▼▼▼

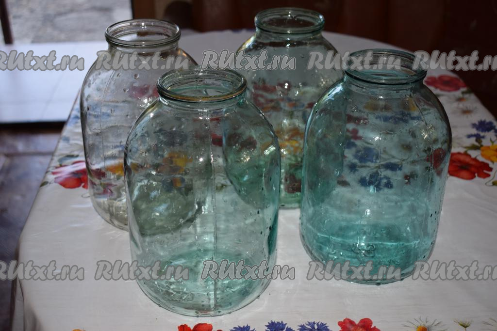 Банки промываем горячей водой с содой, крышки кипятим в воде пару минут.
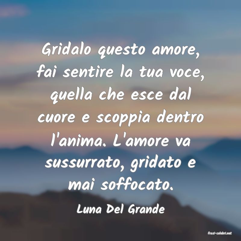 Gridalo questo amore, fai sentire la tua voce, quella che esce dal cuore e scoppia dentro l'anima. L'amore va sussurrato, gridato e mai soffocato.
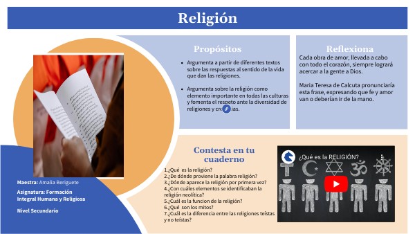 - Argumenta sobre la religión como elemento importante en todas las culturas y fomenta el respeto ante la diversidad de religiones y creencias.
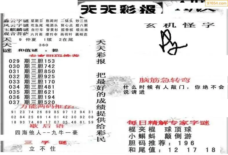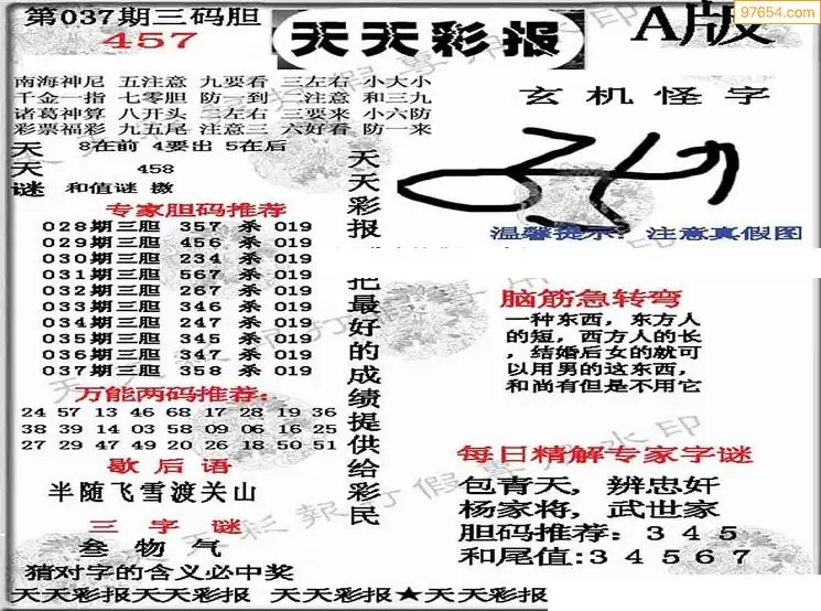 037期福彩天机壁怪字图

▲▲▲

> **Problem statement**:
Starting with the top line, write out all the data above exactly; keep the pictures out.

> **Result of this task**:
 Банки промываем горячей водой с содой, крышки кипятим в воде пару минут.
 Gridalo questo amore, fai sentire la tua voce, quella che esce dal cuore e scoppia dentro l'anima. L'amore va sussurrato, gridato e mai soffocato.
 - Argumenta sobre la religión como elemento importante en todas las culturas y fomenta el respeto ante la diversidad de religiones y creencias.
 037期福彩天机壁怪字图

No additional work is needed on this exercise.